Vi rispondo con una storia. Non so se conoscete SAM COOKE (1931-1964), forse il più grande cantante rythm and blues della storia. A parte le dicerie che vogliono abbia fatto un patto col diavolo per ottenere la voce che lo rese famoso, si distinse nella sua breve vita e con le sue canzoni, per la strenua difesa dei diritti delle minoranze nere in un’America che cominciava a ribellarsi al razzismo dilagante. Martin Luther King, Malcom X, la figura di Cassius Clay Mohammad Ali e nella musica SAM COOKE e Bob Dylan animarono quegli anni. Nel 1962 Bob Dylan scrisse una delle sue canzoni più famose, Blowing in The Wind in cui si chiedeva "how many years can some people exist, before they're allowed to be free?“ (quanti anni ancora un popole deve esistere prima di essere considerato libero?). L’anno dopo Sam Cooke scrisse una canzone meravigliosa che intitolò originariamente Fewer the you think (prima di quello che pensi), proprio in risposta al grande cantautore premio Nobel.

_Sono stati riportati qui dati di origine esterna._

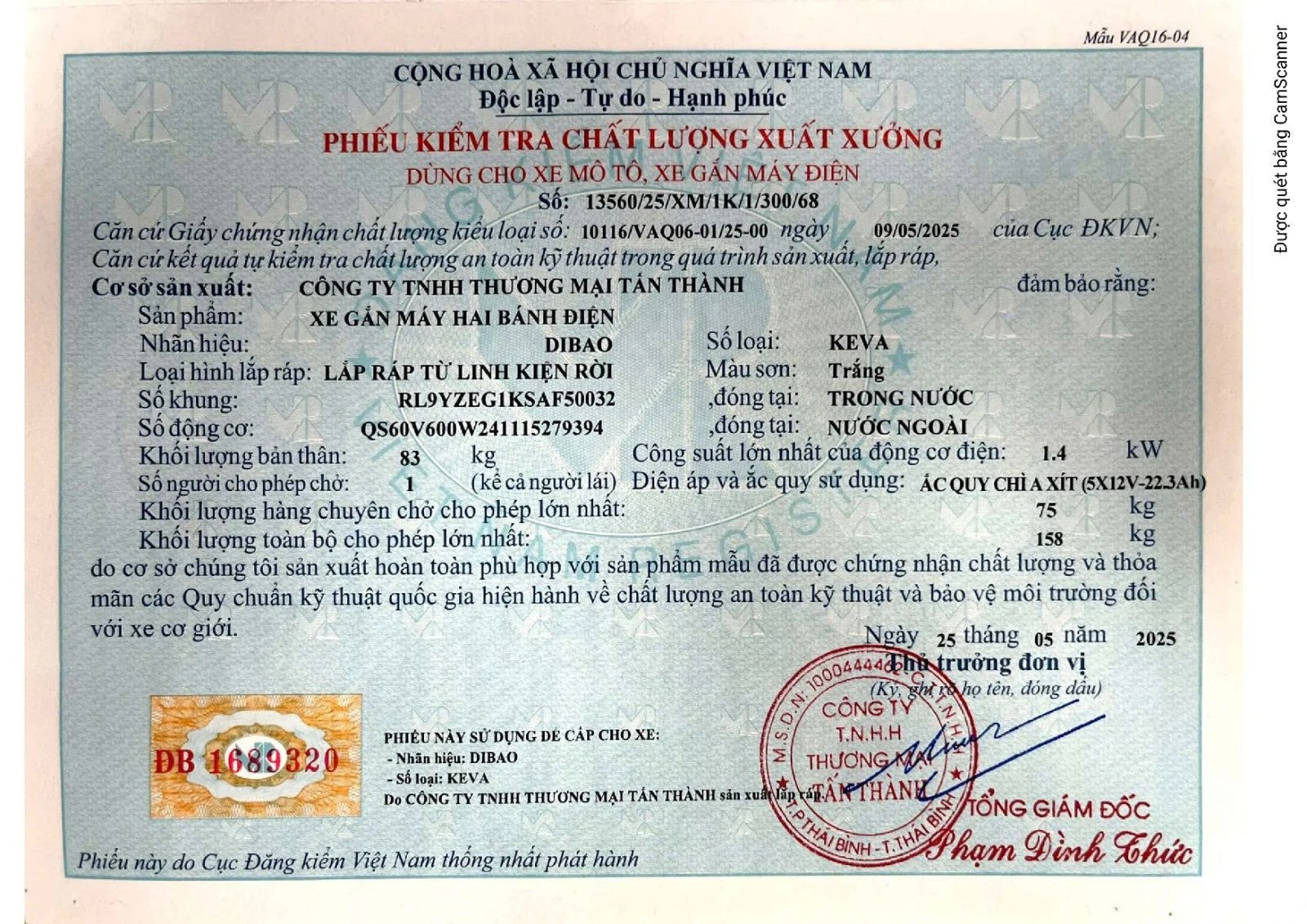 Xe đạp điện Dibao Keva có đầy đủ giấy tờ đăng kiểm và hóa đơn.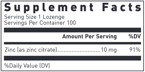 Zinc Lozenges supply bioavailable zinc, sweetened with sorbitol and flavored with natural orange extracts. Each lozenge contains 10 mg of elemental zinc in the form of zinc citrate.

La canzone alla fine fu intitolata A CHANGE IS GONNA COME (il cambiamento sta arrivando https://www.youtube.com/watch?v=wEBlaMOmKV4 ), titolo ancora più suggestivo. Cosa centra con noi e con la scuola? Beh facile da raccontare. La verità è che la nascita spontanea sui social di una rete di colleghi ed amici che scambiano idee, buone pratiche con il loro carico di condivisione, di contaminazione, di scambio culturale continuo ed ininterrotto ha creato una selezione naturale di innovazione che va al di là di ogni riforma della scuola buona o cattiva che sia. Siamo finalmente noi da soli a scegliere cosa e come insegnare, a sperimentare, a promuovere e bocciare pratiche e tecniche con vantaggio indiscusso per le nostre classi ed i nostri studenti. Questa volta A CHANGE IS GONNA COME lo dico io a gran voce (non lo canto sono per rispetto al grande SAM COOKE), ed il cambiamento, il vero cambiamento di paradigma è più vicino di quello che crediate.
Chiudo la lunga chiacchierata con un’ultima cosa. Ricordate gli sguardi inquisitori dei ragazzi all’inizio di questo articolo? Beh, insegnando col cuore e con attenzione al loro futuro cambiano come nelle foto.